The Merchants Strike Back?

With the recent news of several restaurants teaming up to sue point-of-sale system provider Radiant Systems (a copy of the complaint can be found here) for failing to comply with the PCI Standard, it appears that some merchants may be in a mood to strike back in the aftermath of a payment card security breach. This lawsuit comes in the wake of a couple lawsuits against payment card security assessor Savvis for allegedly failing to properly validate a processors' Visa CISP compliance (admittedly in this case it is the merchant bank suing the assessor, but a similar cause of action could exist for a merchant if its assessor makes a mistake in verifying PCI compliance). While two instances certainly don’t indicate a trend, they do indicate a potential route that merchants may consider to deflect liability arsing out of a payment card security breach.

It is possible that we will see more lawsuits by merchants against service providers, payment processors, and application/point-of-sale system providers in the coming months and years. Part of the reason is that the PCI regulatory system imposes a form of “strict liability” on merchants that suffer a security breach. Fines, penalties and the availability of recovery processes are contingent (in part) on whether or not a merchant was PCI-compliant at the time of the breach (see e.g. Visa’s ADCR). Thus, when a Qualified Incident Response Assessor ("QIRA") comes in after a credit card breach to do an audit one of its main tasks (if not its primary goal) is to ascertain whether the merchant was PCI-compliant. 

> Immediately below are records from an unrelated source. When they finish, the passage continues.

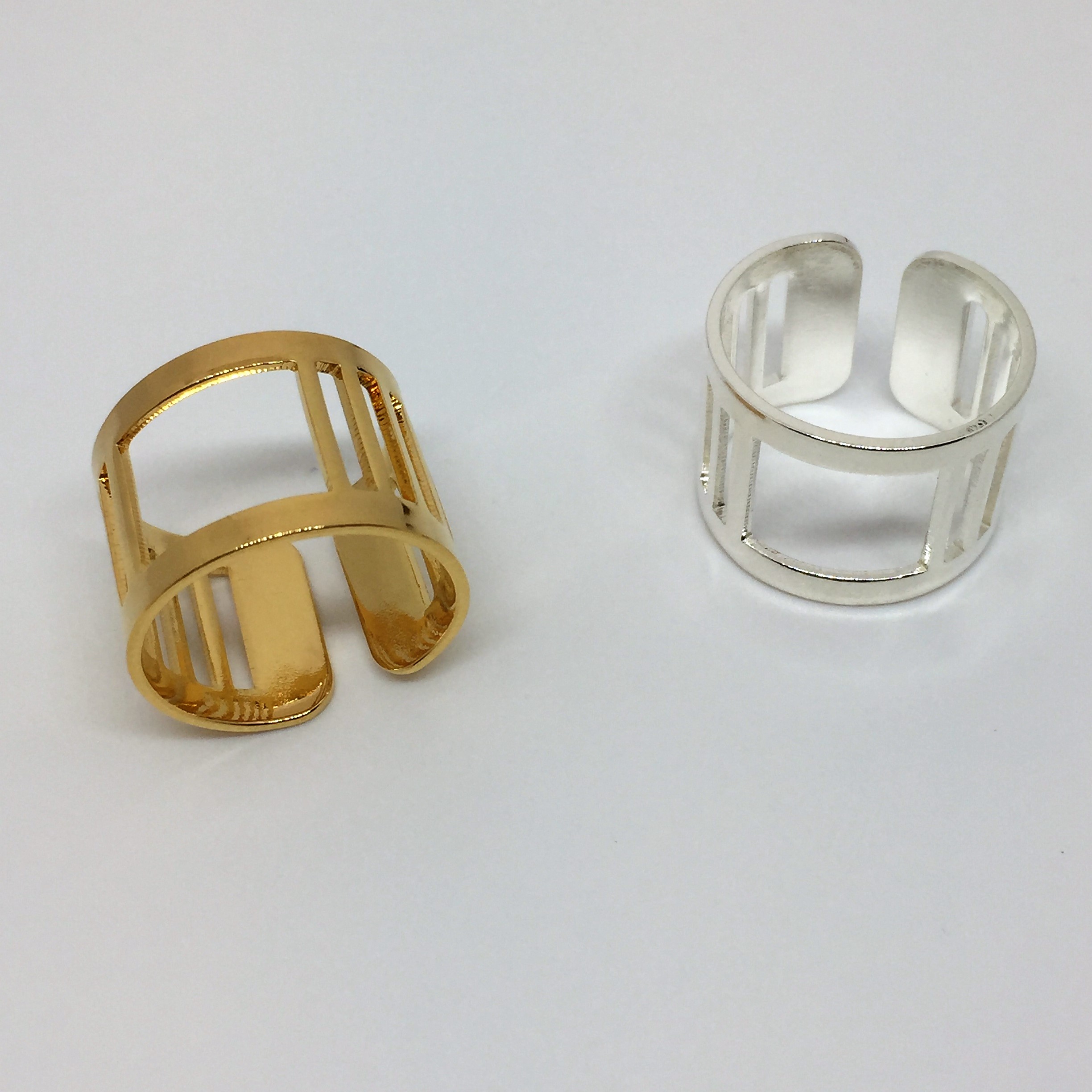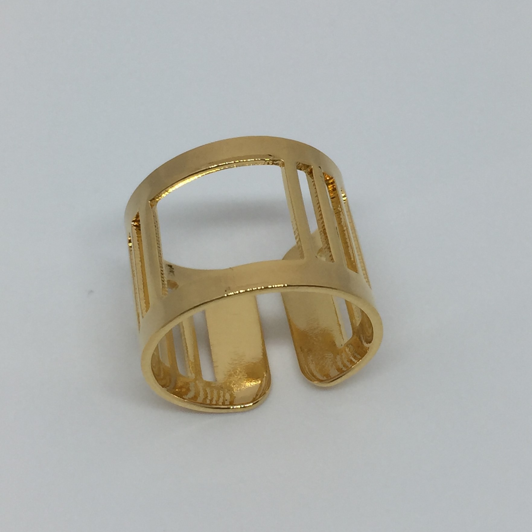 Bague rectangle évidé 15mm plaqué or et plaqué argent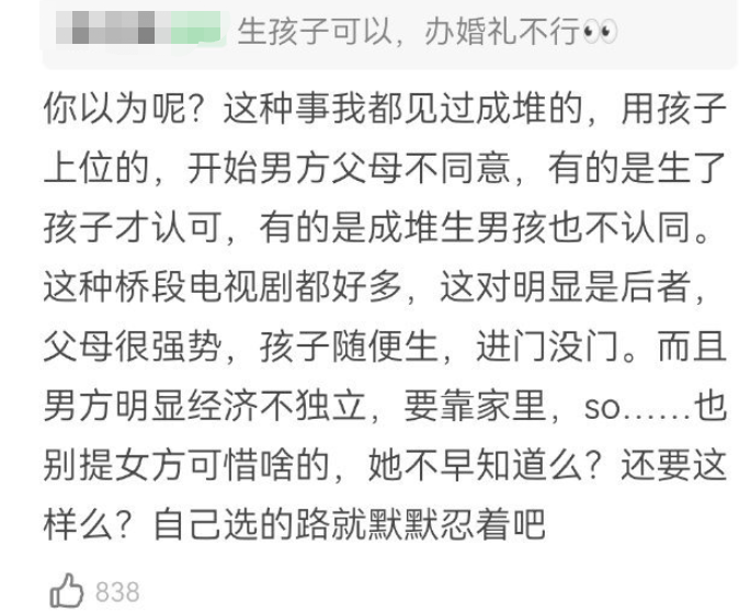 可惜网友不信,现在还有人说什么“不被父母承认的感情终究走不到最后”,甚至有人吐槽张嘉倪“豪门梦碎”,生了俩儿子仍然没能被婆家认可,她当初嫁给买超就是图钱,结果一看人家钱都在爸妈手里,“捞不到所以分了呗”。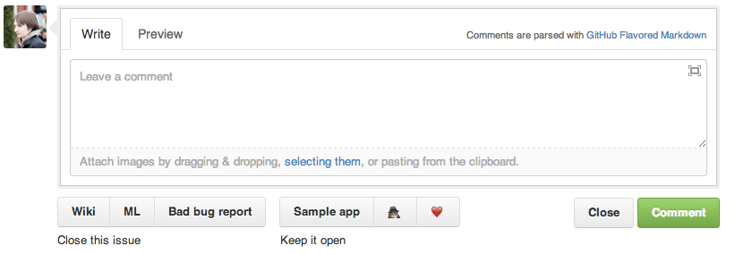 - Bad bug report button - close an issue with the following comment: You need to give us more information on how to reproduce this issue, otherwise there is nothing we can do. Please read CONTRIBUTING.md file for more information about creating bug reports. Thanks!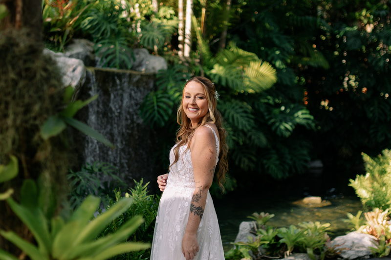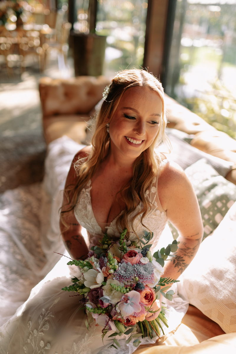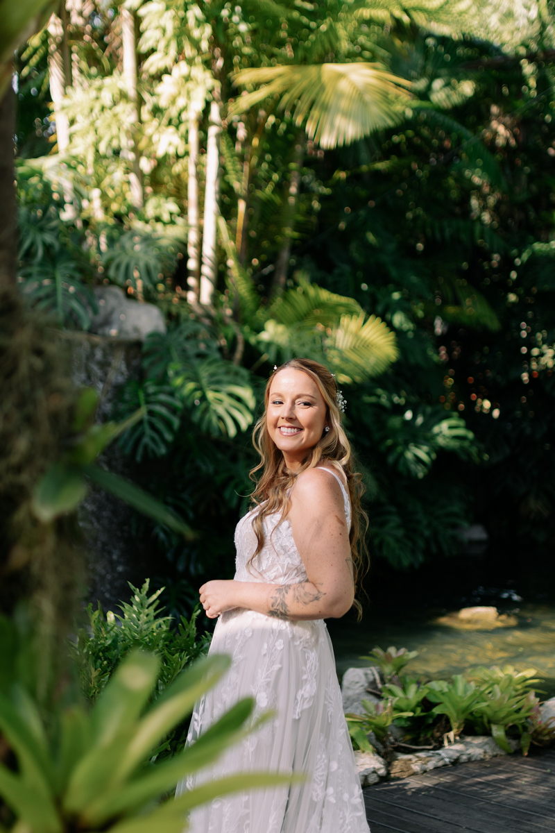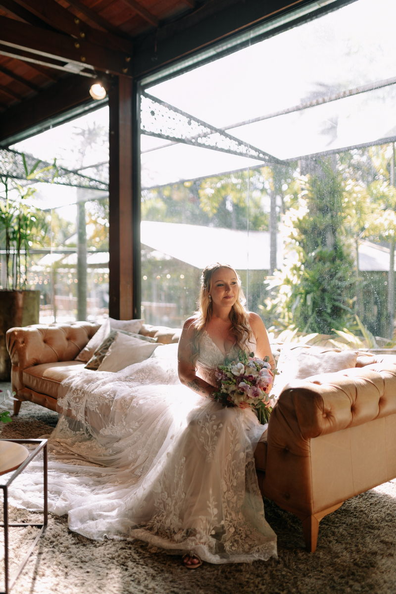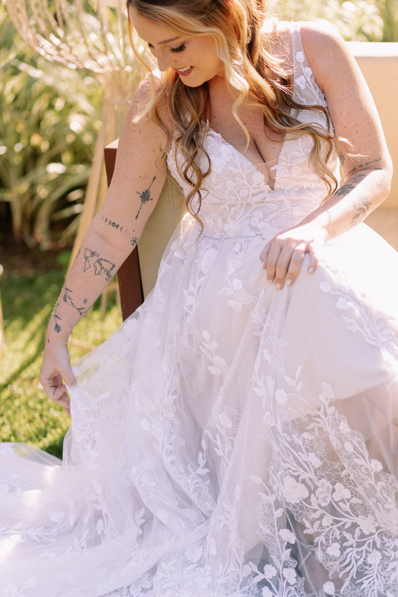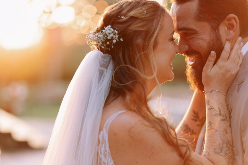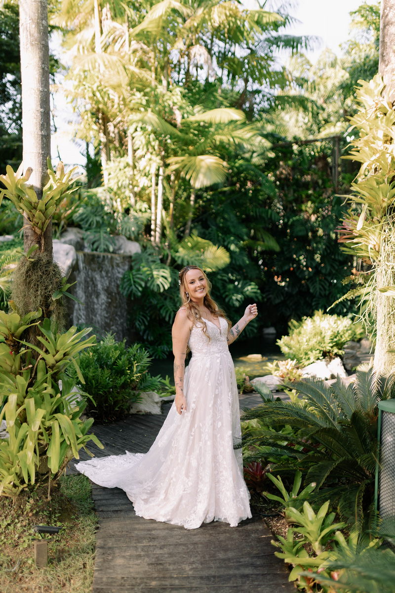 O destaque da cerimônia foi, sem dúvida, o magnífico vestido de noiva da Winnie, da marca La Modelista. Um modelo estilo princesa, cuidadosamente rendado, onde cada detalhe  parecia contar a história de sua jornada até aquele momento. O trabalho em transparência nas costas acrescentou um toque de modernidade e que trouxe ainda mais encanto. A maquiagem delicada e refinada da @sol_vianna ressaltou a expressão radiante da noiva, complementando perfeitamente o seu vestido e a atmosfera do casamento ao ar livre.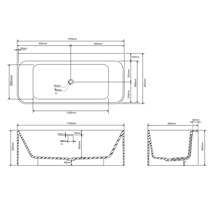 Ванны DEA DEA DESIGN Edge Ванна 1700х780хh560 мм отдельностоящая, цвет белый DD8928 1700 18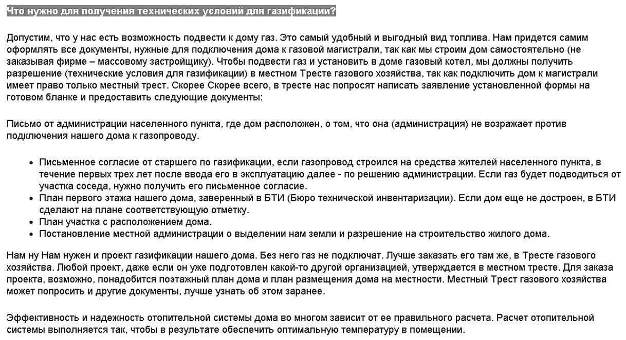 Технические условия на подключение к газа разрабатываются для каждого здания в индивидуальном порядке. Они рассчитываются, в первую очередь, для безопасного пользования абонентом газовыми сетями. Поэтому, в документе содержатся нужные условия, требования к конструкции газового трубопровода и его монтажных частей, к химическому составу топлива и его техническим параметрам, по ограничению влияния на окружающую среду. В связи с тем, что потребителям необходим газ для различных целей (установка газового котла для отопления дома, дополнительного подогрева полов и горячего водоснабжения, для кухонной плиты или все вместе), ТУ будут иметь различия.

Lost in the shuffle sometimes, however, is the issue of “causation.” The question that is not being asked is whether or not PCI compliance would have prevented the breach, or whether the lack of PCI-compliance was the cause of the breach. In other words would PCI-compliance have made a difference. In some cases the answer is obvious. For example, if a merchant is holding onto sensitive authentication information, clearly PCI compliance (which requires the deletion of such data after a transaction) would have precluded a payment card breach. In other situations, however, the answer might not be as clear cut.

Moreover, even where a merchant is found not PCI compliant, the question still remains whether any other party was fully or partially responsible for the breach itself.   Was the merchant’s payment application the source of the breach? Was the merchant working with a service provider, gateway or processor that could have been the source of a virus or attack by a hacker? Unfortunately, with their focus on PCI compliance, a QIRA may not have cause to investigate further into these possibilities (and a separate forensic assessment by an independent forensic firm may be necessary). In fact, I have seen an audit report where the auditor literally indicated that it could not determine how malware got onto a merchant’s system or whether cardholder data ever left (and in the report decided to speculate that it may have been porn or file sharing sites).

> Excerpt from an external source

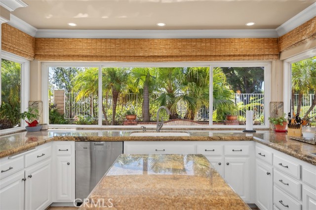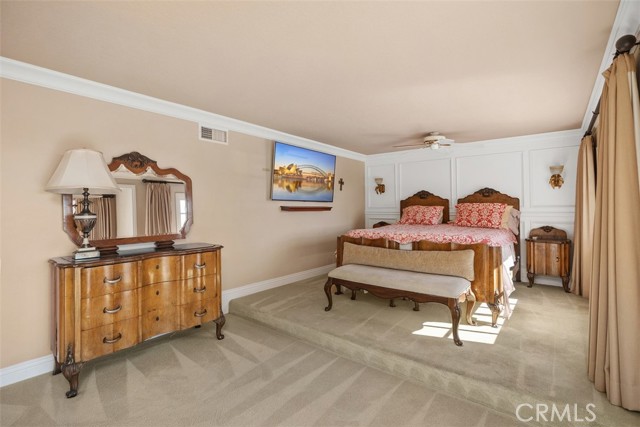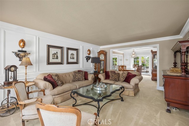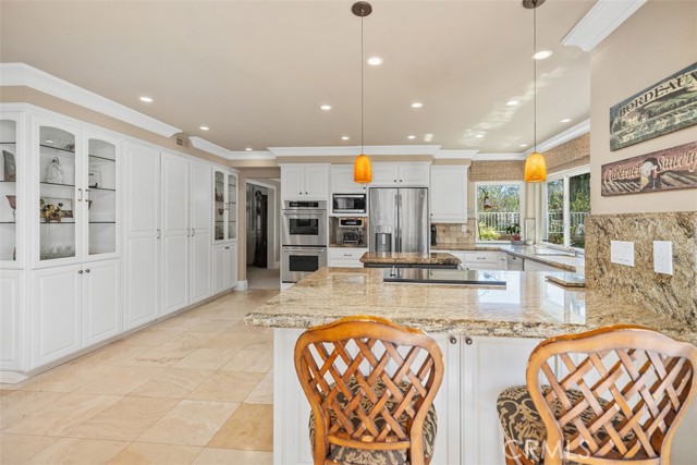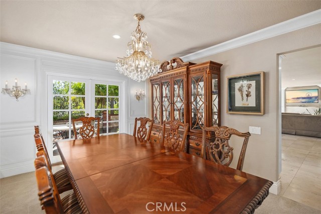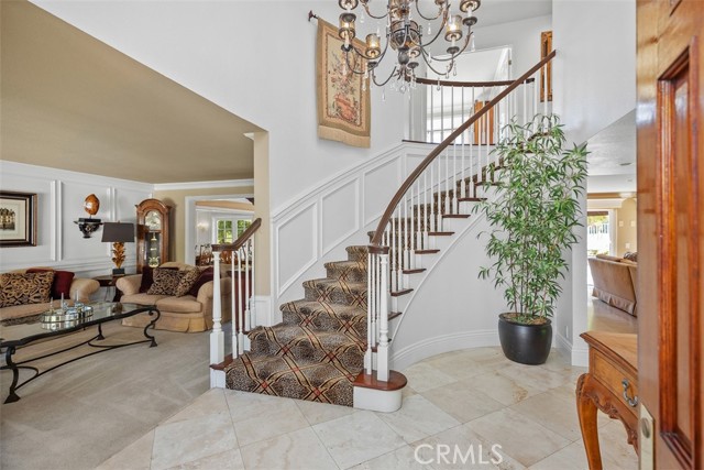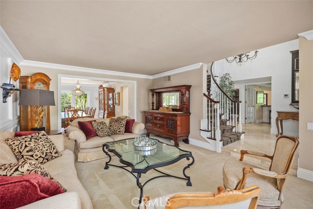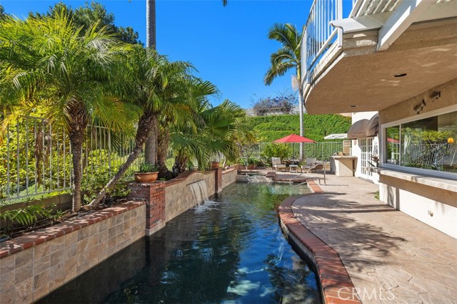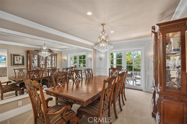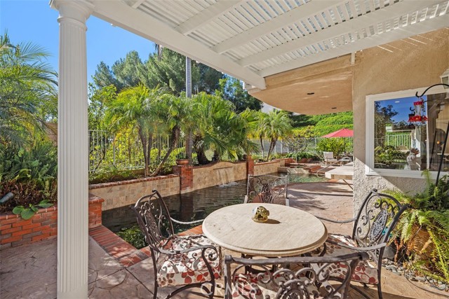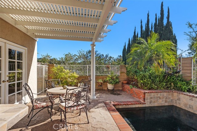 Your love for 22561 Demasia begins as you drive in along the 100+ acre Wilderness Glen park and trail system. If you love being surrounded by nature, have I got a house for you. This is a special lot, privately nestled into the hills with wilderness across the street. Additionally, it is one the most desired floor plans from this era of homes, with the best of all embellishments one could option a property with. We begin with a stately driveway and spacious 3 car garage. Fabulous hard scape adorns the front yard with a wrought iron gate enclosing the verdant front yard. This is a space that will captivate you morning after morning when the sun peeks over Saddleback Mountain which stands majestically above the ridge which separates this home from Lake Mission Viejo just 5 minutes down the road. Relaxation or exhilaration are yours between the resort style pebble tech salt water pool and spa in the back yard, complemented by a built in BBQ set up for at home good times, or you can take the family and friends down to the lake, as you'll be a member. You get all that, and you've yet to set foot in this brilliant 4 bedroom home, with an optional 5th on the main floor if needed in lieu of the existing oversized home office/bar with it's adjoining full bathroom. The formal living room is oversized and looks out upon the front yard through a wide boxed out window which really brings the outside in. The dining room is also sizable and opens up to the pool deck via a set of French Doors. The kitchen does not disappoint and is the hub of the home being open to the family room. This great room space is framed by a connection to the bar and office on one side, and views of the pool and more green nature through a pair of sliding doors out the back of the house. Heading up the sweeping stairs, you'll appreciate the programming of the floor plan. You've got the massive primary suite spanning the full rear of the home, with a large sitting room which exits out to a lovely view balcony. Grand primary bathroom clad with timeless travertine marble, and miles of countertop! (exaggeration) Two of the secondary bedrooms are spacious and well separated from the primary for sound consideration. The other jr. bedroom is on the opposite side, and is also big, with two amazing closets! Wonderful views from nearly every window, and throughout the lush grounds. No fluffery here, this is a quality offering, that you should see for yourself. Well maintained home with pride of ownership.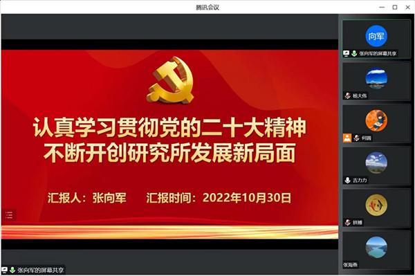 张向军强调,认真学习贯彻党的二十大精神要在全面学习、全面把握、全面落实上下功夫,结合研究所实际,围绕实施“十四五”规划,加强党对科技工作的全面领导,坚决贯彻落实“四定”战略部署,加快推进国重体系重组工作,改革完善科研工作选题机制,积极组织承担国家重大科技任务,提高研究所整体治理能力,着力提高抓落实的能力本领。研究所党委委员要压紧压实抓落实的责任担当,深入支部和部门指导开展二十大精神的学习宣传活动,把学习贯彻情况作为支部年度考核的重要内容,形成一级抓一级、层层抓落实的工作格局,迅速掀起学习宣传贯彻党的二十大精神热潮。

Beyond the entities involved in storing, processing or transmitting payment cards, merchants may also begin to target companies assisting their efforts to achieve and validate compliance with PCI. Consultants that help merchants become PCI compliant or remediate PCI violations may be targets if they make a mistake. Moreover, as Savvis shows, qualified security assessors that make mistakes in their validation of PCI compliance are also potential defendants.

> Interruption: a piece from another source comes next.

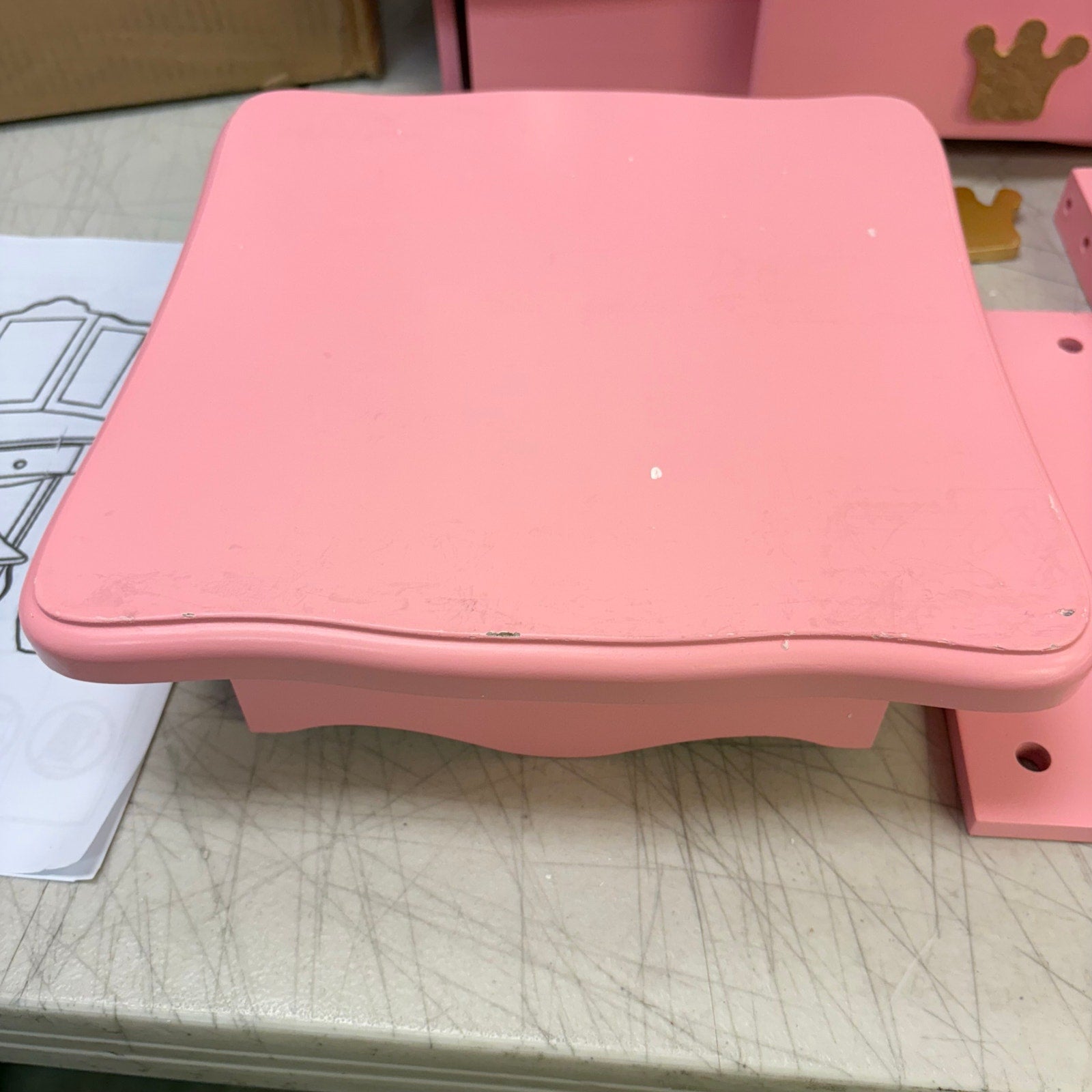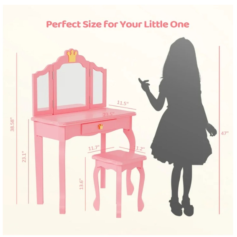 Child-Sized Design: The pink vanity and stool are perfectly sized for children, featuring rounded corners.

Despite sometimes having a variety potential targets to recover from, merchants still face obstacles to actual recovery post-security breach. The biggest obstacles are the contracts that merchants enter into with the entities mentioned above. In most cases these contracts contain terms that effectively limit the liability of these entities and make it very difficult to recover under any theory of recovery. 

So is there an answer for merchants to these contract clauses? Thinking ahead might make all the difference in this case. When entering into a contract with any of the various entities described above, at the Request for Proposal phase, merchants should make indemnification and other favorable contract terms (e.g. no limit of liability/disclaimer of consequential damages for security breaches) part of the bidding process. Merchants' propsective service providers, assessors and application providers should be forced to compete on the issue of taking responsibility when they are fully or partially at fault for a security breach or inaccurate/improper PCI validation.  Proper levels of cyber insurance should be in place to allow merchants to recover if there is a breach.   If merchants don’t take these steps early on and in a disciplined fashion they may find themselves holding the bag even in situations where others may have contributed to their security breach.